Setting OMP_NUM_THREADS
In Kubernetes, a Runtime Security instance may detect all CPUs on the underlying node rather than just the CPUs allocated to its pod. This can cause the service to spawn more threads than it has resources for, leading to contention and degraded performance. Always set the `OMP_NUM_THREADS` environment variable to match the number of CPUs allocated to each pod.

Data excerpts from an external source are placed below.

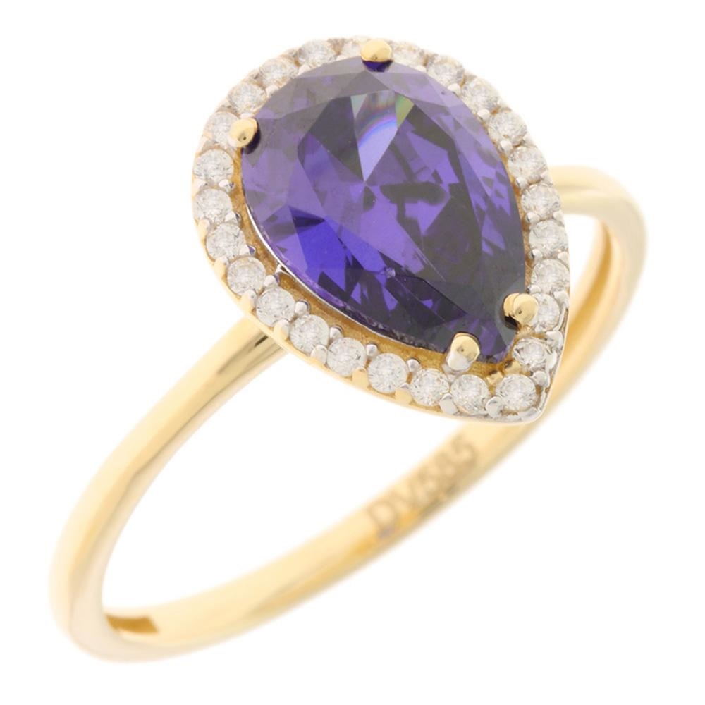 Χρυσό Δαχτυλίδι Ροζέτα με Μωβ Πέτρα 14 Καράτια
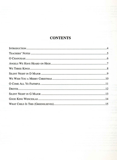 More Festive Strings is a collection of well-known Christmas and Chanukah melodies arranged to meet the needs of individuals, groups and orchestras. In order to provide flexibility, the collection is available in a number of instrumentations, all of which are compatible with each other. Accessible keys have been used and shifting is kept to a minimum. Titles are: O Chanukah * Angels We Have Heard on High * We Three Kings * Silent Night in D Major * We Wish You a Merry Christmas * O Come All Ye Faithful * Dreydl * Silent Night in G Major * Good King Wenceslas * What Child Is This (Greensleeves).
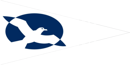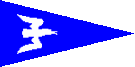 One pennant is white with a blue oval shifted to hoist, over all a flying seagull in counterchanged colours (see left image above). The other one is blue with a white bird heading flywards (see right image above).
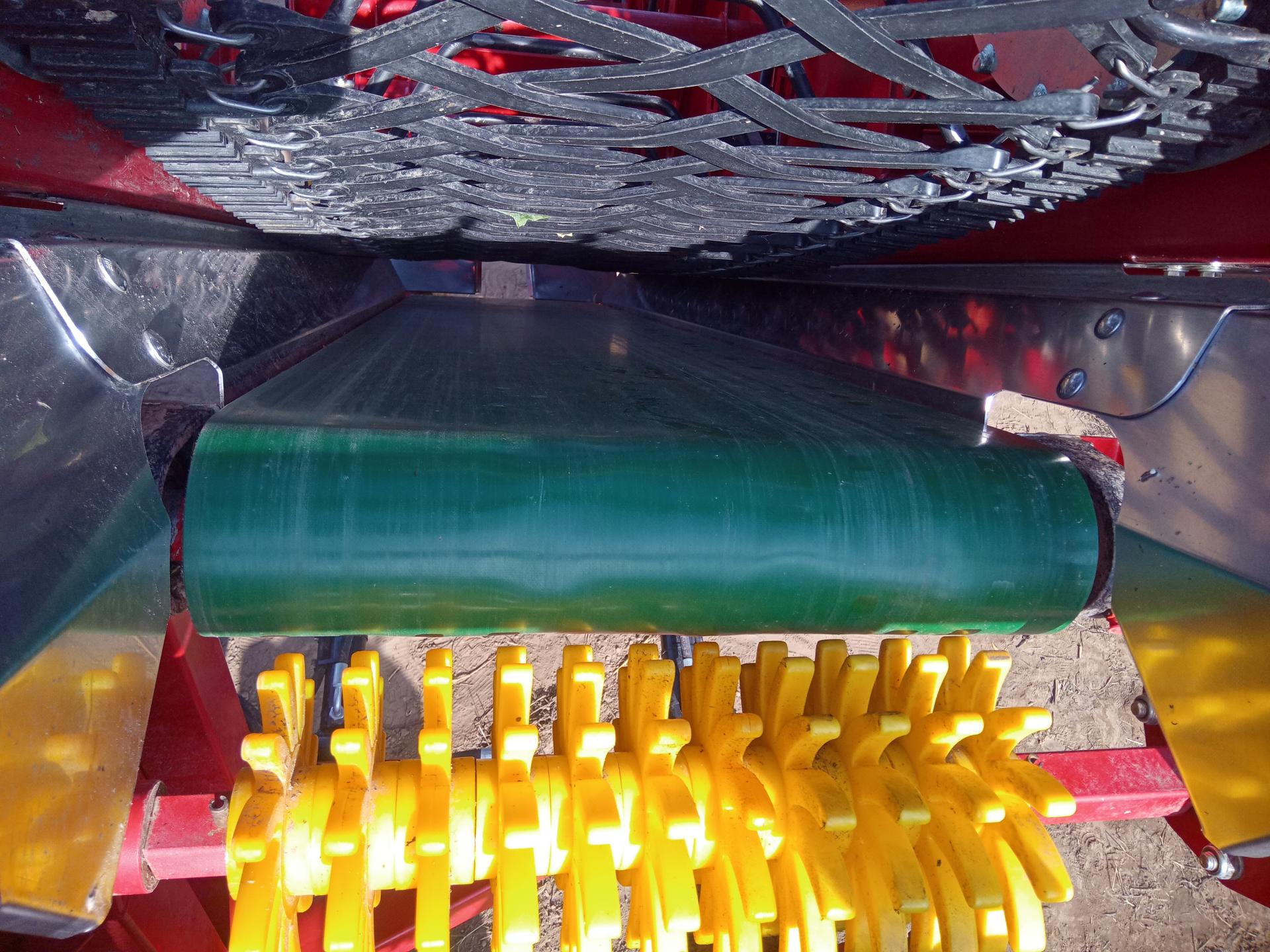 Pasy są wykonane z PVC i mają chropowatą fakturę. Roślina ściśnięta przez pasy jest wyrywana z korzeniami, a po krótkiej podróży w górę jej "noga" trafia pomiędzy dwie tarcze tnące, za którymi zaczyna się pas podtrzymujący, tak samo chropowaty, jak boczne.
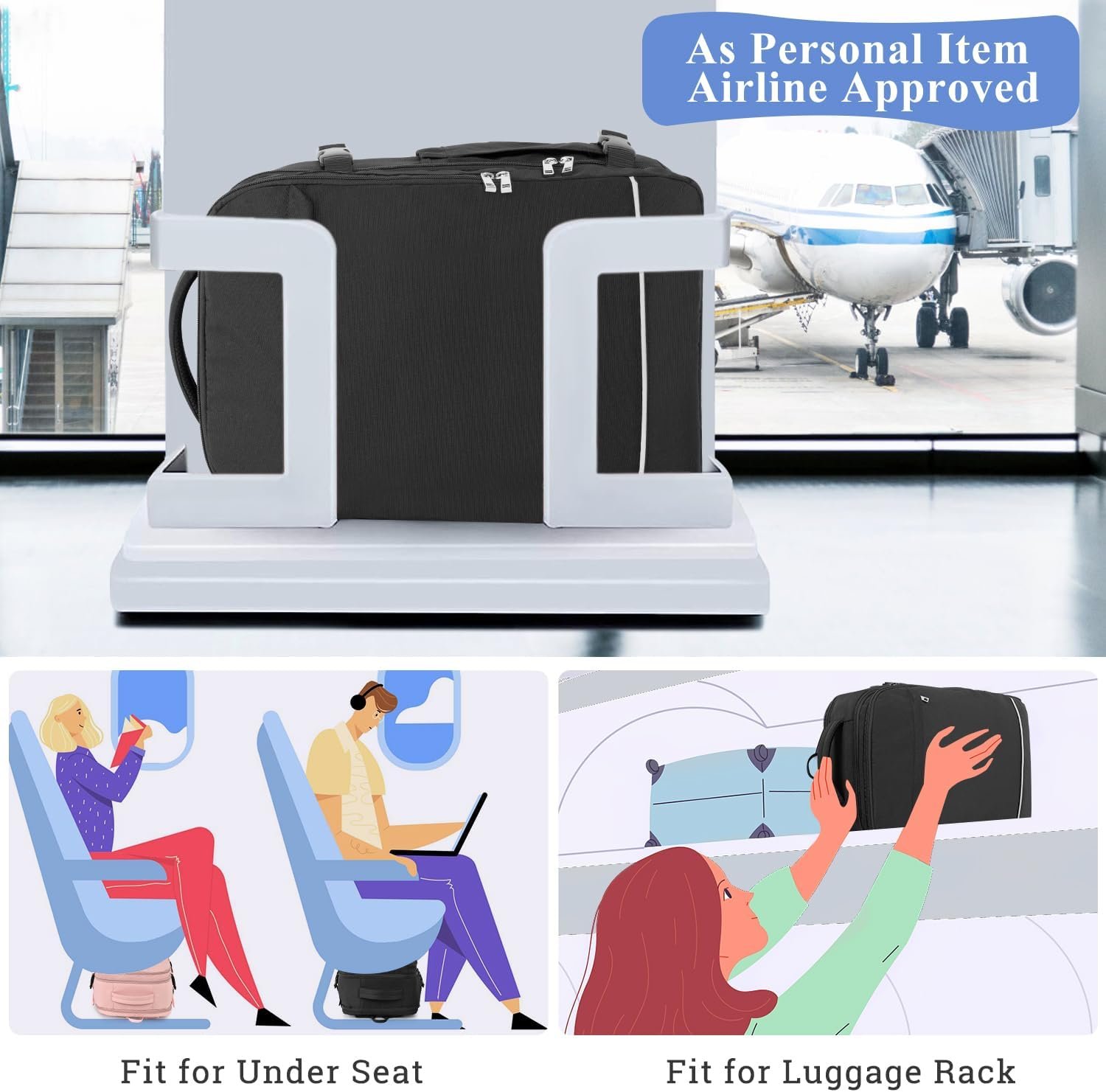 【Flight Approved Personal Items】: This travel backpack is 46*32.5*20cm/18.1*12.8*7.9 inchs,it can meets the requirement of the most airlines.It also can fit in the overhead bin and under the seat. The 180-degree free opening and closing design allows tsa inspection to pass quickly
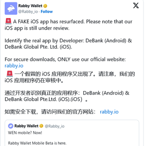 IT之家 2 月 20 日消息,继“LassPass”假冒应用和盗版媒体的假冒应用之后,苹果 App Store 标榜的安全性再次受到考验。报道称一款假冒的 Rabby 钱包应用已上架 App Store,并成功骗取了至少数千美元。
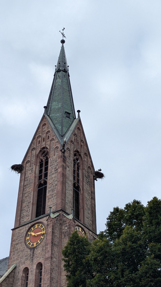 Erster Wandertag: Storchennester im Kirchturm von Hausach

#### Resource Configuration

The following snippets show per-container resource configuration for a single replica.

**CPU-Only**

```yaml
resources:
  requests:
    cpu: 8
    memory: 6144Mi
  limits:
    memory: 6144Mi
env:
  - name: OMP_NUM_THREADS
    value: "8"
```

**GPU**

```yaml
resources:
  requests:
    cpu: 4
    memory: 6144Mi
  limits:
    memory: 6144Mi
    nvidia.com/gpu: 1
env:
  - name: OMP_NUM_THREADS
    value: "4"
```

#### Replica Count

To determine how many replicas to run, divide the available CPU on your node by the per-replica CPU allocation. For example, a Standard_D32_v3 node (32 vCPUs) can fit 4 replicas at 8 CPUs each for a CPU-only deployment.

#### Health Probes

We recommend configuring a **readiness probe** for Runtime Security deployments. The readiness probe ensures that pods are only added to the load balancer once they are fully initialized and ready to serve requests.

```yaml
readinessProbe:
  httpGet:
    path: /readiness
    port: 8000
  initialDelaySeconds: 30
  periodSeconds: 10
  failureThreshold: 3
```

Because the `/readiness` endpoint only reports healthy once the service is fully initialized, it also covers the startup case. A separate startup probe is not required.

Liveness Probes
We do not recommend configuring a liveness probe for Runtime Security. A liveness probe failure will restart the pod, which could unnecessarily terminate a pod that is simply processing a long-running request. The readiness probe is sufficient to remove unresponsive pods from the load balancer without disrupting in-flight requests.